程序代写代做 C STAT 385 HW4

STAT 385 HW4
Due by 12:00 PM on 10262019
HW 4 Problems
Below you will find problems for you to complete as an individual. It is fine to discuss the homework problems with classmates, but cheating is prohibited and will be harshly penalized if detected.
1. Modify the scaler function in the Week 7 notes.
We created a function called scalar in the Week 7 Notes. This function takes a numeric or integer vector as an input check this on your own and it outputs the scaled numeric or integer vectors as an output. Make a new version of this function that 1 takes a dataframe as an argument 2 scales all of the numeric and integervalued columns of that dataframe while leaving all other variables alone 3 returns the original dataframe with scaled numeric and integervalued columns. Verify that your function is working by testing it on two dataframes. The first dataframe can be anything that you want. The second dataframe should consist of only factor variables, i.e.the function should do nothing to this dataframe and also should not output an error message. Your verification checks should be readable, do not simply report the returned dataframes.

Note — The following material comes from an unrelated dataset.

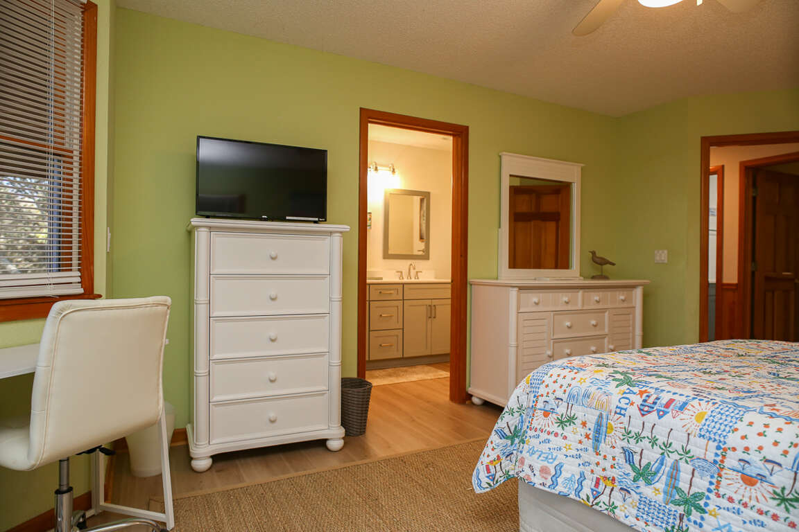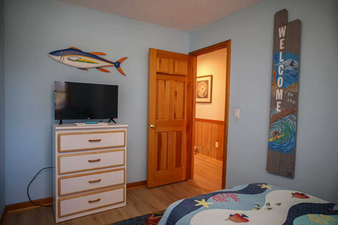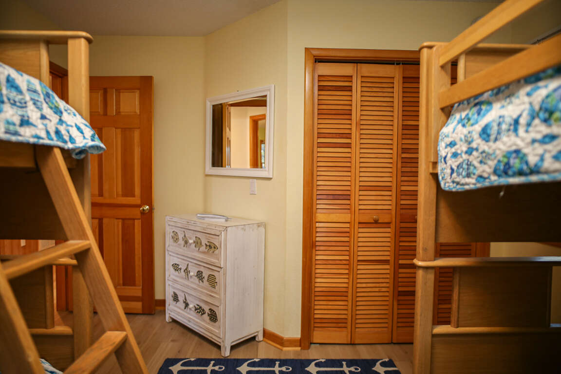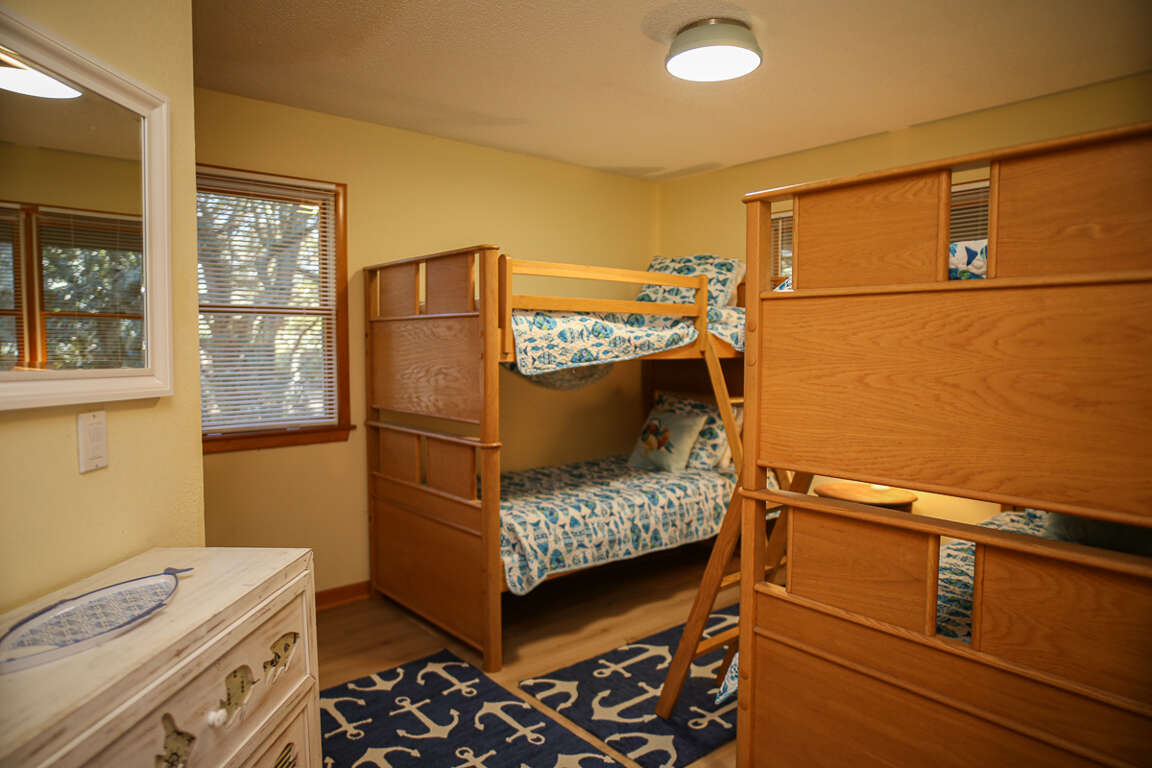 With five spacious bedrooms and a range of amenities, this coastal property provides a comfortable and inviting retreat for guests seeking a relaxing vacation experience. Each bedroom features tasteful decor, comfortable furnishings, and ample storage space, ensuring a restful stay for all guests. The master bedroom boasts a double bed, deck access, and a luxurious Jacuzzi tub, perfect for unwinding after a day of outdoor activities. Another room offers two bunk sets, ideal for accommodating younger guests. Additionally, the semi-private master bedroom on the third level provides a serene escape, complete with a king bed, full bathroom with a Jacuzzi tub, and double sinks. Guests can also enjoy easy access to the pool and rest assured with meticulous pool maintenance. Whether seeking rest or recreation, the bedrooms at Sweet Carolina cater to every guest's needs.

2. Using the Chicago Food Inspections Data, do the following:
a. create a visualization plot of at least two variables using this dataset
b. explain what is good and what is bad about the visualization
c. show a substantially improved visualization
d. describe the improvement and why the improved plot in part c helps the readerviewer more than the original plot in part a.
3. Using the Chicago Food Inspections Data, do the following:
a. create a table of descriptive statistics of your choice
b. add one descriptive statistic to the plot in part 1c
c. write a brief explanatory narrative of the visualization in part 2b. In your explanation, be convincing and persuasive about your visualization. Attempt to highlight why this visualization is crucial to your imaginary supervisor.
4. Using the SBA Business Loans Data, do the following:
a. Create a visualization plot of at least two variables using this dataset
b. explain what is good and what is bad about the visualization
c. show a substantially improved visualization
d. describe the improvement and why the improved plot in part c helps the readerviewer more than the original plot in part a.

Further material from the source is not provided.